Het Hof acht termen aanwezig de Inspecteur te veroordelen in de door belanghebbende gemaakte proceskosten. Het Hof stelt deze kosten, op de voet van artikel 8:75 van de Algemene wet bestuursrecht in verbinding met het Besluit proceskosten bestuursrecht en de daarbij behorende bijlage, vast op € 1.575 wegens beroepsmatig verleende rechtsbijstand voor het Hof (1 punt voor het indienen van een hogerberoepschrift en 1 punt voor het verschijnen op de zitting van het Hof, met een waarde per punt van € 525 en een wegingsfactor voor het gewicht van de zaak van 1 en een factor 1,5 wegens vier of meer samenhangende zaken inclusief de zaken met nummers BK-19/00511 tot en met 19/00515). Van de proceskosten van € 1.575 kent het Hof in deze zaak de helft toe afgerond € 787.
6.2.
Voorts dient aan belanghebbende het voor de behandeling in hoger beroep gestorte griffierecht van € 259 te worden vergoed.

Beslissing

Het Hof:
  • vernietigt de uitspraak van de Rechtbank, behoudens ten aanzien van de beslissingen over de proceskosten en het griffierecht;
  • vernietigt de uitspraak op bezwaar;
  • vermindert de naheffingsaanslag tot een bedrag van € 7.154;
  • vermindert de beschikking belastingrente dienovereenkomstig;
  • vermindert de boetebeschikking dienovereenkomstig;
  • veroordeelt de Inspecteur in de proceskosten van het hoger beroep van belanghebbende van €787;
  • draagt de Inspecteur op het betaalde griffierecht voor het Hof van € 259 aan belanghebbende te vergoeden.
Deze uitspraak is vastgesteld door H.A.J. Kroon, E.M. Vrouwenvelder en B.G. van Zadelhoff, in tegenwoordigheid van de griffier R. Wijkstra. De beslissing is op 28 april 2020 in het openbaar uitgesproken.
aangetekend aan
partijen verzonden:
Tegen deze uitspraak kunnen beide partijen binnen zes weken na de verzenddatum beroep in cassatie instellen bij
de Hoge Raad der Nederlanden via het webportaal van de Hoge Raad www.hogeraad.nl.

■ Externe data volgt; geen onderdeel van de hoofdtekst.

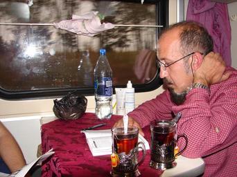 Keywords: Baikal Express -Transiberiana-.jpg Franco Zanghi' sul Baikal Express in Siberia 2005-09-25 own assumed Tindarys Rail transport in Russia Tea of Russia Podstakannik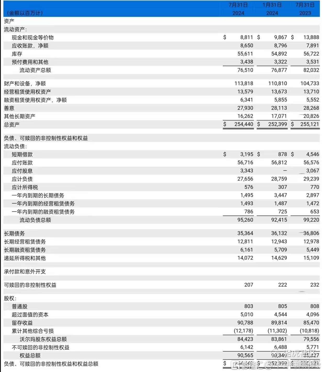 截至2024年7月31日,沃尔玛的总资产为2544.40亿美元,较上年同期的2551.21亿美元略有下降。流动资产总计为765.10亿美元,长期资产包括财产和设备净额1138.18亿美元。负债方面,流动负债为952.60亿美元,长期债务为47.53亿美元。现金及现金等价物为88.11亿美元,较上年同期的138.88亿美元有所减少。

Bepaalde personen die niet worden vertegenwoordigd door een gemachtigde die beroepsmatig rechtsbijstand verleent, mogen per post beroep in cassatie stellen. Dit zijn natuurlijke personen en verenigingen waarvan de statuten niet zijn opgenomen in een notariële akte. Als zij geen gebruik willen maken van digitaal procederen kunnen deze personen het beroepschrift in cassatie sturen aan
de Hoge Raad der Nederlanden (belastingkamer), postbus 20303, 2500 EH Den Haag.Alle andere personen en gemachtigden die beroepsmatig rechtsbijstand verlenen, zijn in beginsel verplicht digitaal te procederen (zie
www.hogeraad.nl).
Bij het instellen van beroep in cassatie moet het volgende in acht worden genomen:
1. bij het beroepschrift wordt een afschrift van deze uitspraak gevoegd;
2 - ( alleen bij procederen op papier) het beroepschrift moet ondertekend zijn;
3 - het beroepschrift moet ten minste het volgende vermelden:
a. de naam en het adres van de indiener;
b. de dagtekening;
c. een omschrijving van de uitspraak waartegen het beroep in cassatie is gericht;
d. de gronden van het beroep in cassatie.
Voor het instellen van beroep in cassatie is griffierecht verschuldigd. Na het instellen van beroep in cassatie ontvangt de indiener een nota griffierecht van de griffier van de Hoge Raad. In het cassatieberoepschrift kan de Hoge Raad verzocht worden om de wederpartij te veroordelen in de proceskosten.